Soluble sugars, such as fructose and sucrose, were the main sugars identified during apple fruit development (Shangguan et al., 2014). Although the speed of fructose accumulation was slow from 80 to 120 DAFB, fructose content was the greatest among all soluble sugars examined (Figs 1 and 2). As shown in Fig. 2G, the sorbitol levels initially and rapidly decreased during development and subsequently accumulated gradually. The sucrose and glucose content did not significantly accumulate until 40 and 80 DAFB, respectively (Fig. 1, Fig. 2B,I). The starch content increased from the time of full bloom, peaking at 70 DAFB, and rapidly decreased to a low level thereafter (Fig. 2N). Therefore, these results, consistent with Li et al. (2012), indicated that mature apple fruit had lower sorbitol and starch contents but higher fructose, glucose and sucrose concentrations (Fig. 2).

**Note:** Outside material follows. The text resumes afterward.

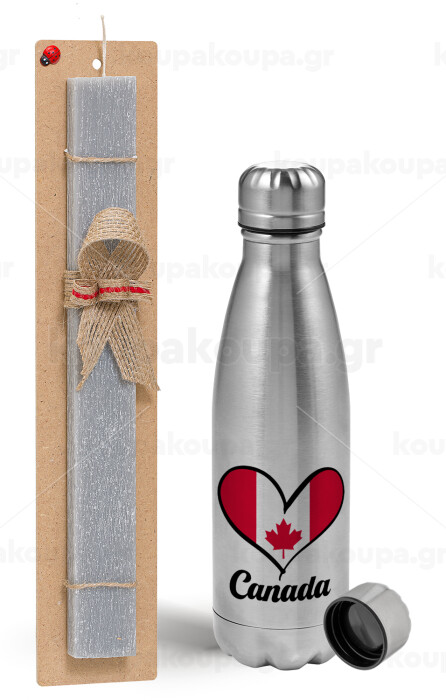 Canada flag, Πασχαλινή Λαμπάδα με μεταλλικό παγούρι Inox (750ml) & κερί αρωματικό πλακέ (30cm) (ΓΚΡΙ)
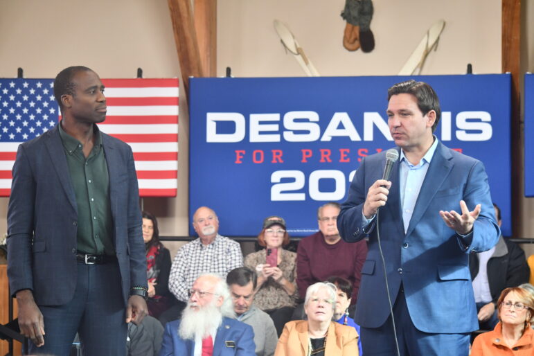 MANCHESTER, NH – Republican Presidential Candidate Ron DeSantis was joined by Florida Surgeon General Joseph Ladapo in a “medical freedom” event at McIntyre Ski Area on Wednesday.

Trehalose-6-phosphate, as a sugar signal in plants (Zhang et al., 2009), was assayed in developing apple fruit (Fig. 2C). The Tre6P values decreased, ranging from 0.95 to 0.14 nmol g⁻¹ fruit weight (FW), during continuous growth, markedly decreased prior to 70 DAFB, and subsequently showed a slight decrease thereafter. Thus, young fruit contained more Tre6P content than mature fruit. The Tre6P content of apple, particularly younger fruit, were higher than those of the A. thaliana leaf and shoot apical meristem (Wahl et al., 2013; Yadav et al., 2014) but lower than those of cucumber peduncles (Zhang et al., 2015) and maize spikelets (Nuccio et al., 2015).

Trehalose levels were stable from 20 DAFB to 70 DAFB and slightly increased after 70 DAFB in developing fruit (Fig. 2A). Trehalose-6-phosphate, as the precursor of trehalose (O'Hara et al., 2013), was not feedback regulated through trehalose levels (Fig. 2A,C). Thus, Tre6P did not directly respond to the changes of trehalose content in developing fruit. The embryo-lethal A. thaliana tps1 mutants were rescued through the expression of E. coli TPS, but not by the exogenous supply of trehalose (Schluepmann et al., 2003). Taken together, these results obtained in apple and A. thaliana suggest that Tre6P was independent from trehalose content.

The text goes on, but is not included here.